Modulating Interfacial Chemical Bonds and Defects in Mn0.5Cd0.5S/BiOBr System for Enhanced Photocatalytic Performance

A challenge in promoting the industrial application of photocatalysis technology for environment remediation lies in the design of high-performance photocatalysts. These photocatalysts should be endowed with efficient photo-carrier separation and intense redox potentials to boost photocatalytic pollutant removal.

In a study (doi:10.1016/j.apmate.2024.100183) published in the KeAi journal Advanced Powder Materials, a group of researchers from Zhejiang Ocean University and University of Missouri revealed the modulation of interfacial chemical bond of Mn0.5Cd0.5S/BiOBr assisted by with rich oxygen vacancies.
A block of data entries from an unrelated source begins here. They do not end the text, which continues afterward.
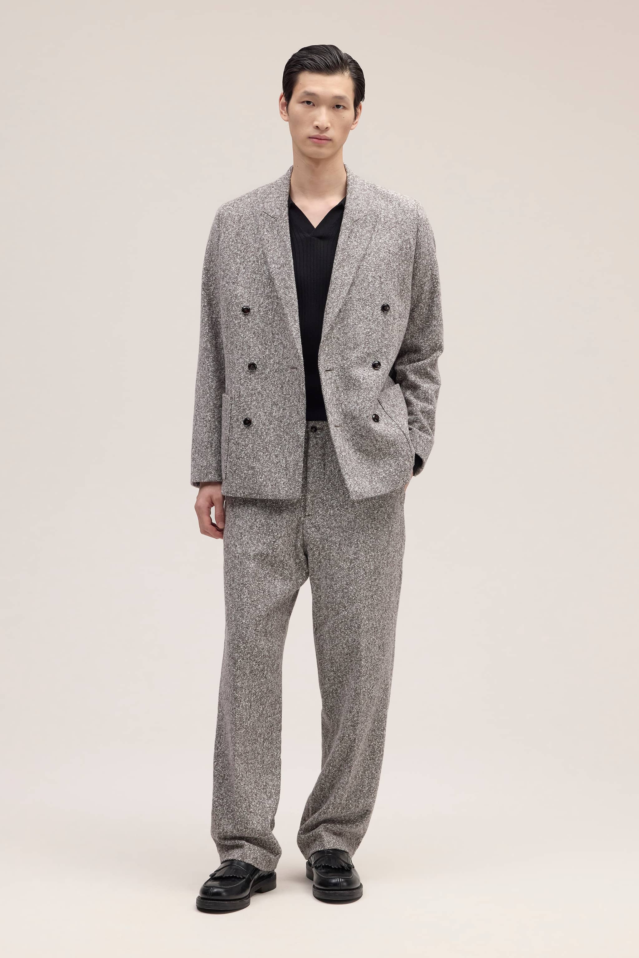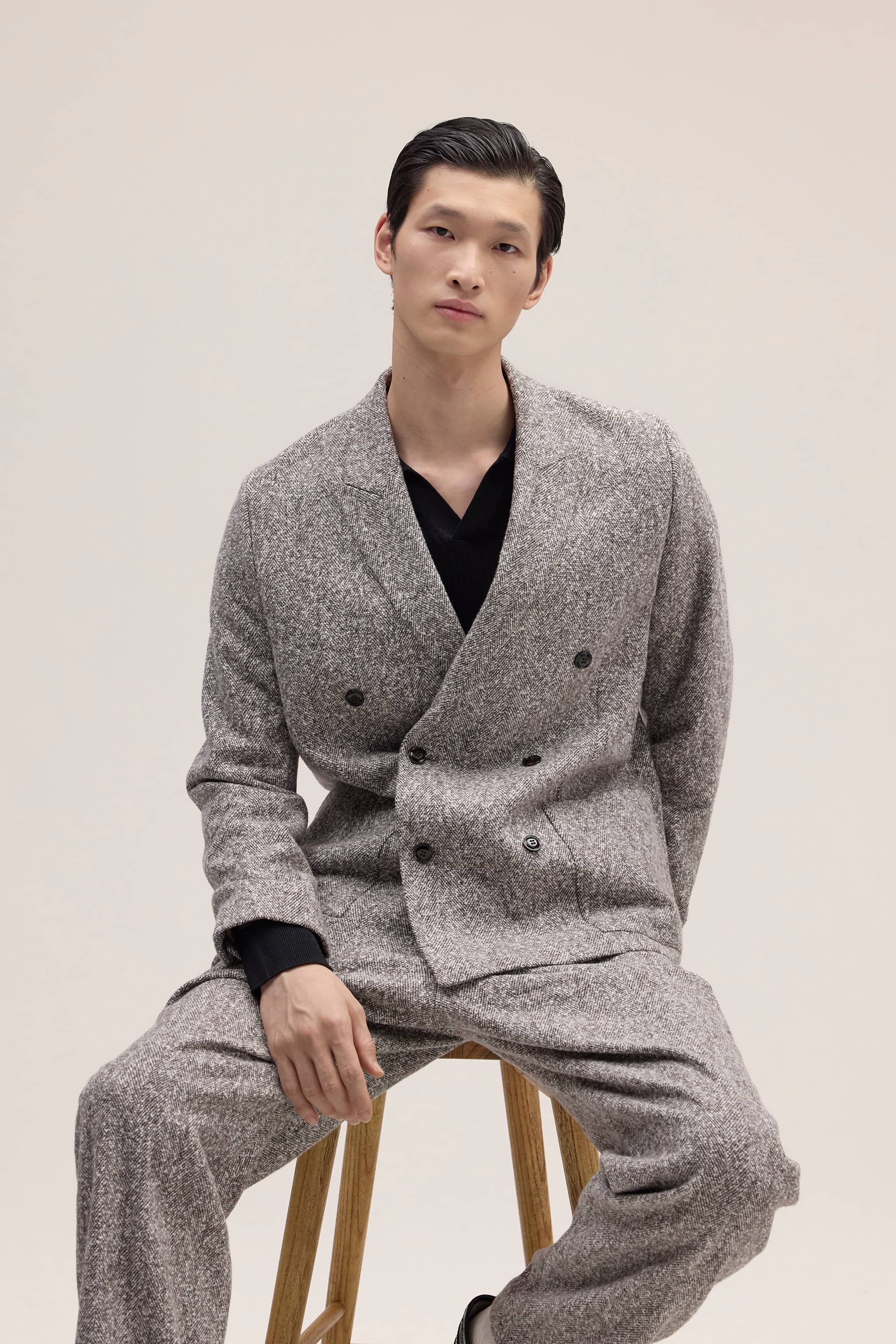 A sophisticated statement blazer crafted from Italian bouclé in a classic herringbone weave. Featuring a structured yet comfortable fit, double-breasted buttons, and patch pockets for a refined touch.
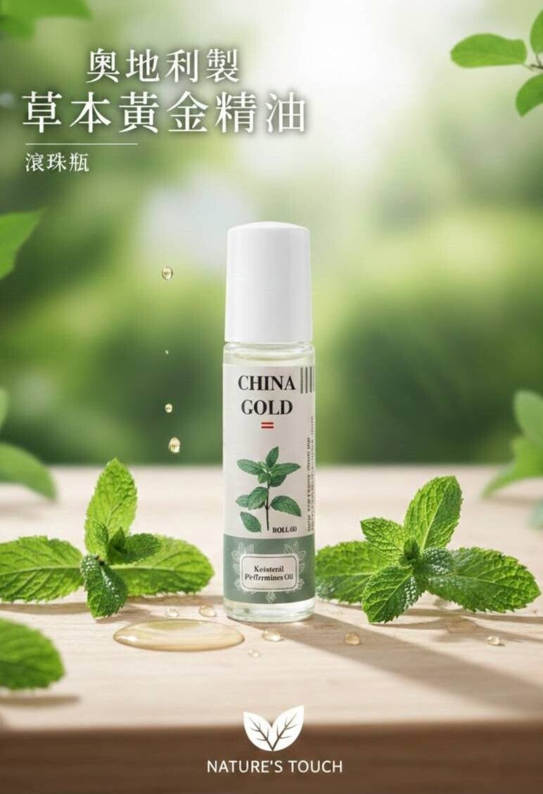 China Gold 薄荷精油採用高品質薄荷葉精粹,經嚴格蒸餾萃取,保留天然芳香與清新成分,在阿爾卑斯山區手工裝瓶。
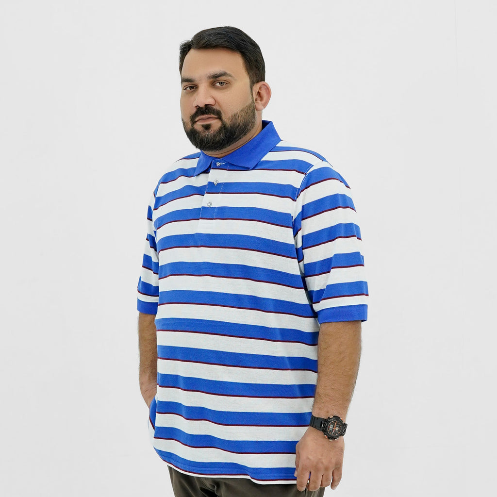 Upgrade your casual style with this Plus-Size Classic Striped Polo Shirt, featuring a bold blue and white stripe design with subtle red accents for a timeless appeal. The contrasting solid blue collar enhances the structured look, while the loose fit ensures maximum comfort for plus-size wearers. Made from a breathable, soft fabric, this polo is perfect for all-day wear, whether for casual outings or semi-formal settings.Key Features:
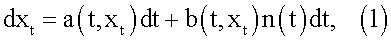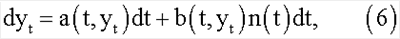 Зададим нормальный марковский процесс стохастическим дифференциальным уравнением первого порядка вида (стохастический дифференциал понимается в смысле Ито) [5]
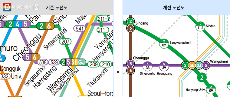 외국인을 고려한 표기 방식도 개선했다. 기존에 역번호만 표기되었던 노선도에서 역번호와 노선을 함께 표기하여 찾기 쉽도록 변경했다.
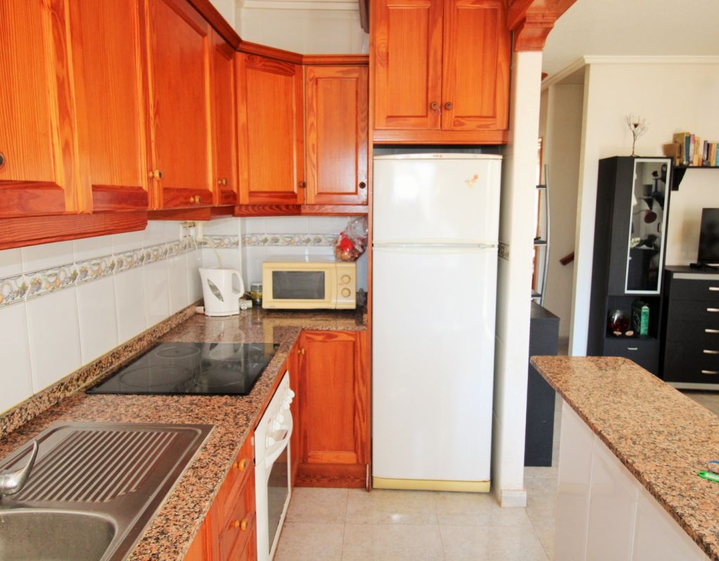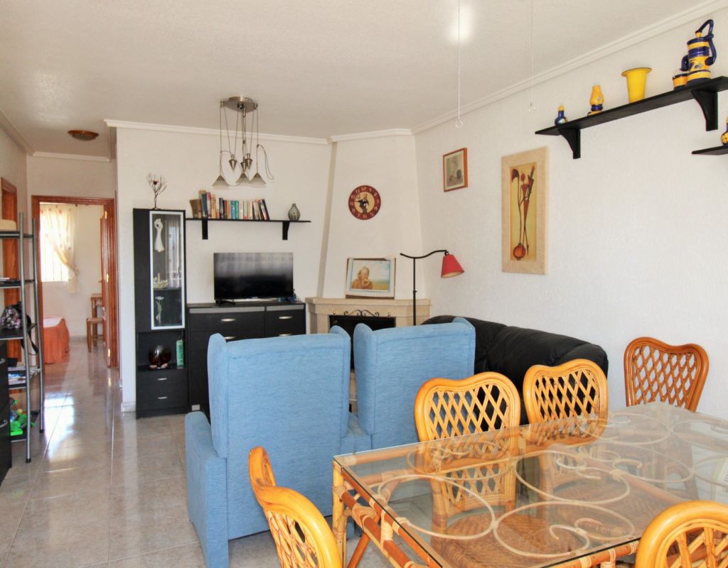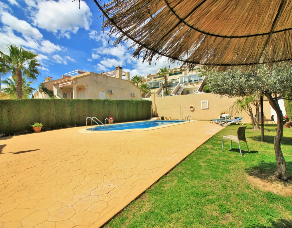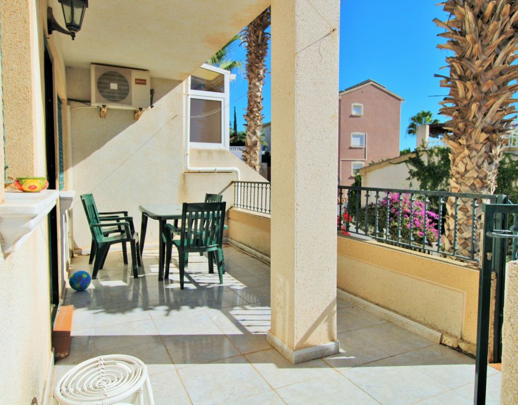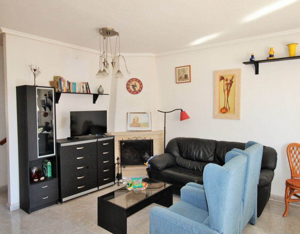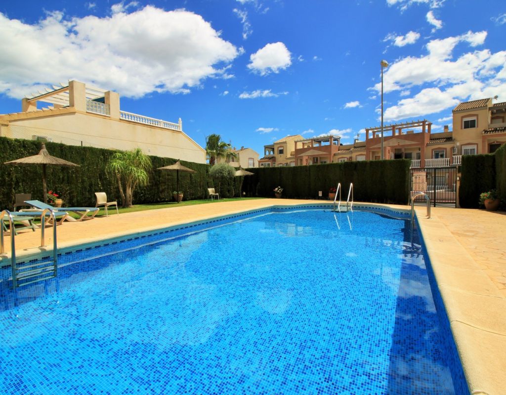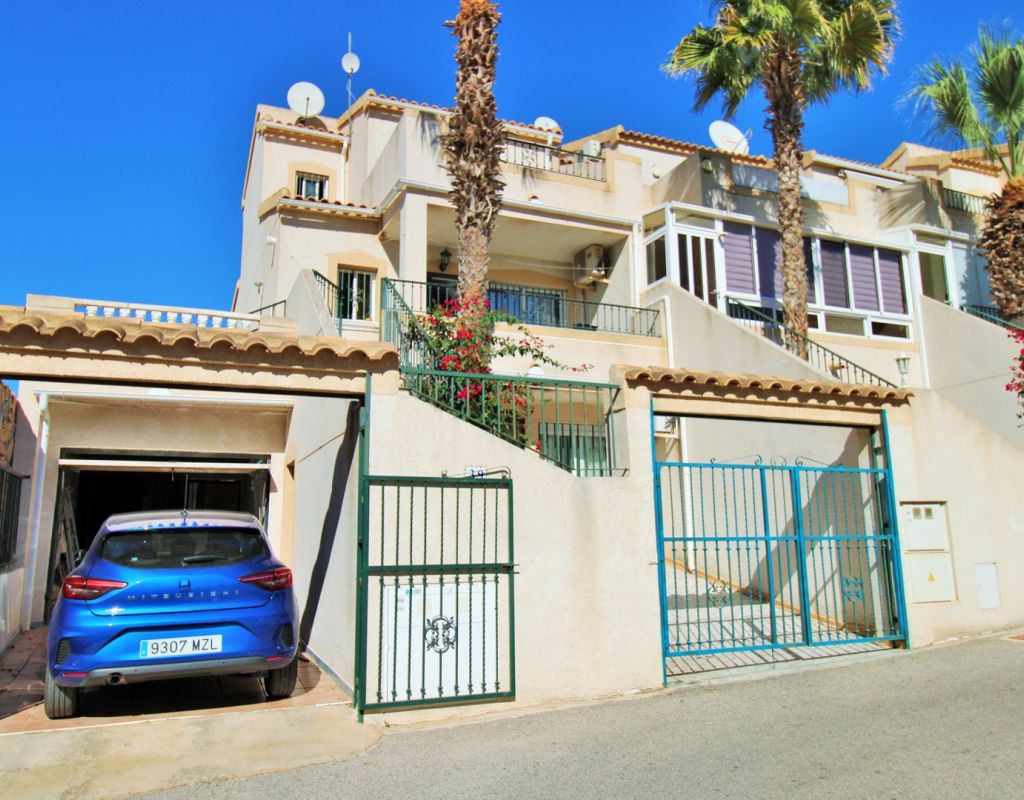 Substantial semi-detached townhouse with a large underbuild in the sought-after community of Montegolf VI in Villamartin. The property offers 3 bedrooms and 2 bathrooms in the main living accommodation, with additional flexible living space in the underbuild. Externally, the home benefits from a private rear garden, off-road parking, a front terrace, and a roof solarium. Residents also enjoy the use of a beautiful communal pool within the development. The main level features a raised front terrace leading into a bright living and dining area with feature fireplace, a fitted kitchen to the side, two double bedrooms, and a family bathroom. The upper floor offers the master bedroom with its own bathroom and direct access to the roof solarium. The spacious semi-basement level provides additional accommodation, currently used as a separate apartment comprising lounge area, three bedrooms, a bathroom, and a secondary kitchen. This space is ideal for guests, extended family, hobbies, fitness studio, or home office use. Located within a short walk of the Villamartin Plaza and golf course, and just a few minutes' drive to the beaches of the Orihuela Costa and the Zenia Boulevard shopping centre, this property offers excellent versatility in a highly popular residential setting.

This in turn elucidated the underlying mechanism for boosted photocatalytic performance.

"BiOBr is a visible-light active photocatalyst with several advantages, including a favorable band configuration, exceptional photo-oxidative capacity, distinctive 2D architecture, ecological compatibility, abundant resources and robust durability," explained Shijie Li, co-lead author of the study. "However, constrained absorption of visible light and sluggish photo-carrier diffusion and segregation hamper its practical application."

The team developed an S-scheme photosystem of Mn0.5Cd0.5S/BiOBr with interfacial bond and oxygen defects, constructed by pinning Mn0.5Cd0.5S nanoparticles on BOB microflowers. This was devised for efficacious decontamination of antibiotic and Cr(VI).

"Physical contact without chemically bonding hetero-interface between the two components, which is insufficiently interactive, generally results in an unsatisfactory charge migration passage" added Bin Zhang, co-lead and co-corresponding author. "Besides, defect engineering is another effective strategy to upgrade the catalytic property. Thus, precise construction of chemically bonded S-scheme heterojunction with structural defects is essential for efficient photocatalytic water purification, but is rarely exploited in photocatalytic applications."

The team's findings provide a feasible approach to develop outstanding catalysts for environmental protection via combining interfacial chemical bonds and defects modulated S-scheme junction.